Now that has resulted in a series of quandaries as to what it is that my colleagues and I are engaged in. We live in a world of knowledge silos and those of us who seek to integrate and/or synthesis can encounter problems. To be clear I am not suggested a theory of everything, that is a dark path that leads to dark places. One of the reasons I plan a series of posts to differentiate Cynefin from other complexity approaches is to explore that space; and I hope the authors of those other approaches are not too precious as sometimes you have to draw harder distinctions in writing than you do in conversation in order to make progress. So what to call the field, how to be authentic to the various sources and ideas is a matter of some import.

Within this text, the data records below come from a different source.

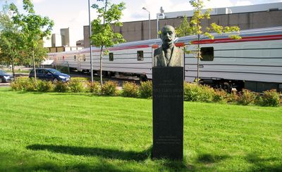 Bautaen av direktør og utenriksminister Nils Claus Ihlen. Her med det siste togsettet som forlot Bombardiers vognverksted i 2011. Foto: Steinar Bunæs.
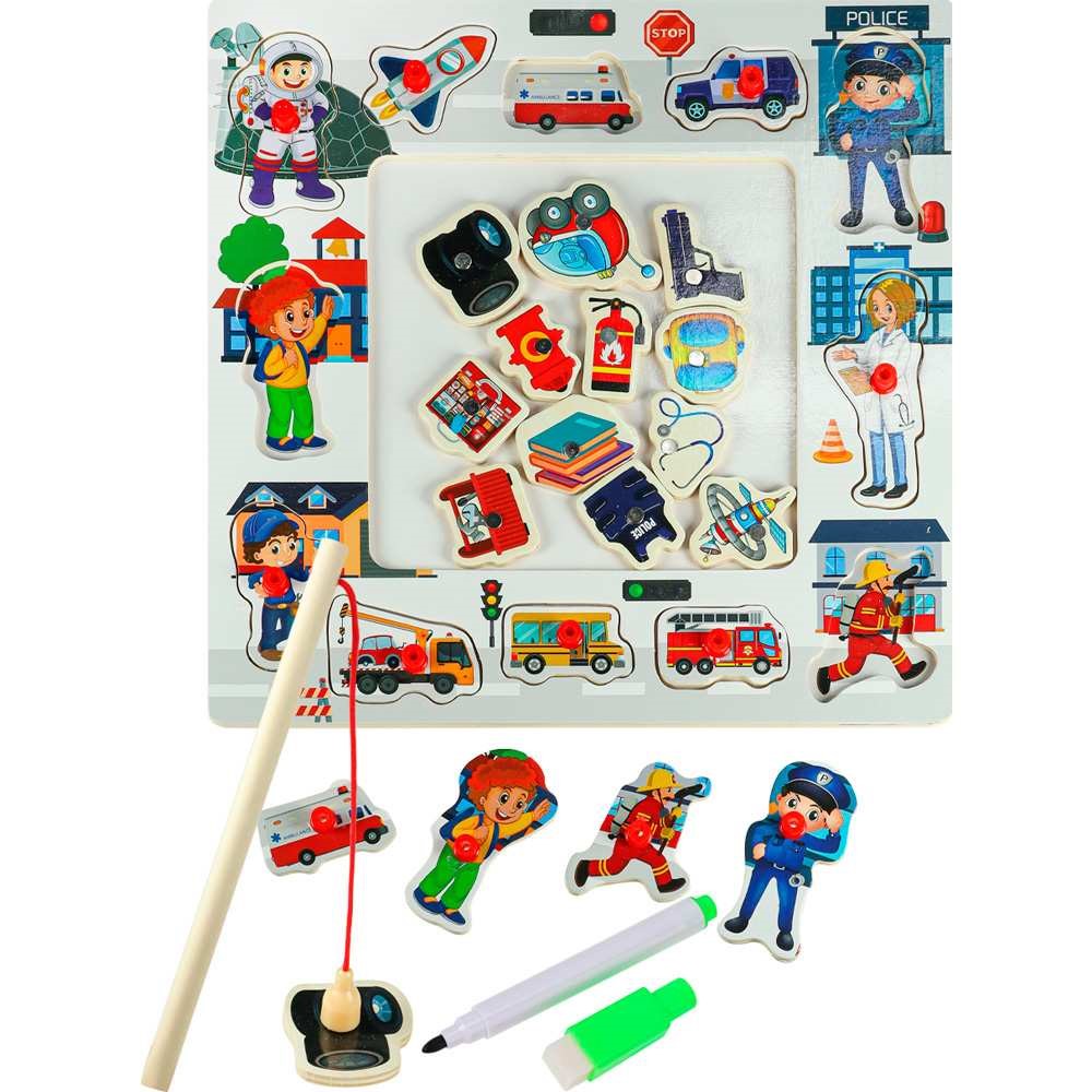 Деревянная Пазл рамка магнитная с рыбалкой и маркером 30х30см. И-0408
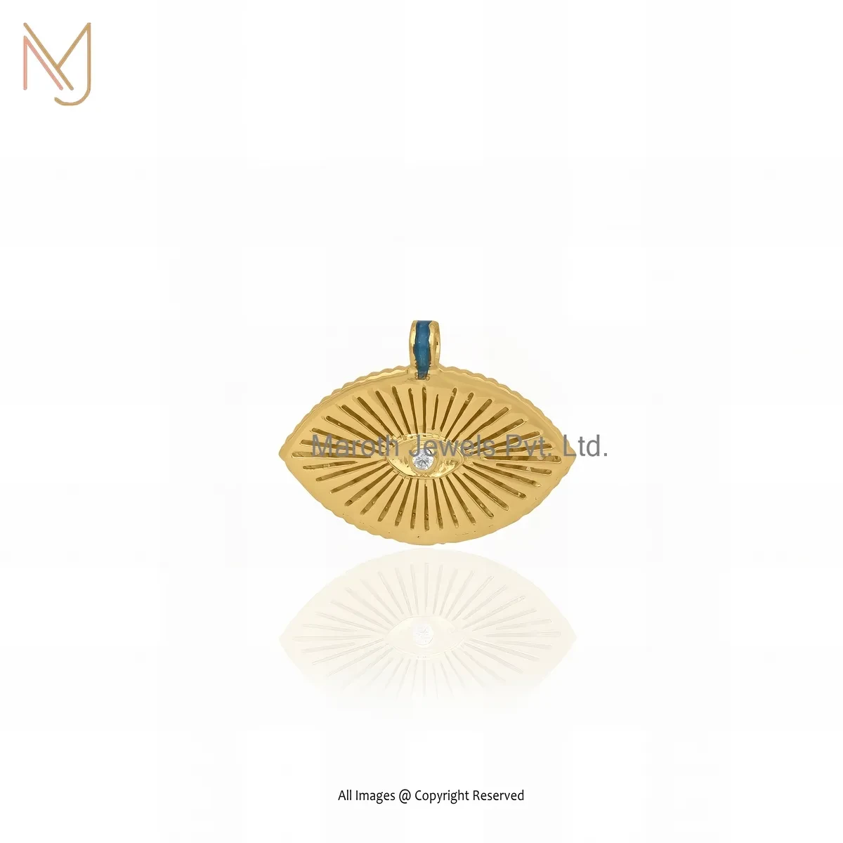 925 Silver Yellow Gold Plated Cubic Zircon & Enamel Evil Eye Charm Pendant Custom Jewelry

But it is also a wider issue, namely that of scientific method in social systems. If we go back to the foundations of sociology with Saint-Simon and then Comte we see it taking part in the context of Newtonianism. That tradition which continues to the present day seeks to reduce things to elements and rules, It looks for repeatability, hypothesis following by testing using the méthode scientifique. Now I don’t want to challenge that, but I think atomism has its limits and obviously scientific method is not confined to that. But oh boy is it popular, from the crude linear causality of Dawkin’s selfish gene to the more interesting work on fundamental particles in physics.

But somehow or other this has always seemed problematic in human systems. The hypothesis based method, the assumption of repeatability does not seem adequate to the sheer complexities (sic) of social systems. So you can see where the various forms and inheritors of post-modernism seek solace, they define themselves by what they are not which is often necessary but problematic. A form of waiting for the synthesis to emerge to take a Hegelian perspective. Related we have the issue of the depth of specialisation within the various knowledge silos which can make it problematic for the generalist as you are always skirting over partially understood theories. Also we have fewer generalists, Max Boisot was one of the last and we all miss him still. So it can be difficult to gain the attention of the silo specialists to a wider programme.

Now I am starting to see a way forward here. at the Hay festival this year I had a chance to spend half a day looking at Constructor Theory in physics. This seeks to shift away from atomistic to whole systems approach. Crudely (and I know it is far more than this) you look at what is possible with the bounds of what is known within the natural sciences and then within those boundaries ask what is the lowest energy cost of replication. That opens up new possibilities not just within physics but within social sciences. It allows us to look at what we know from siloed scientific disciplines, and what we know to be false (both are important and different) then explore replication energy levels. That might be through narrative landscapes, through safe-to-fail experiments or through trans disciplinary exchanges at various levels. Interestingly it also allows us to make statement about the current and future state and to provide an explanation of the past which is non-linear in nature.

So what is the right name for this type of study? Is it genuinely novel? Those and other related questions currently concern and are driving my own reading and experimental work.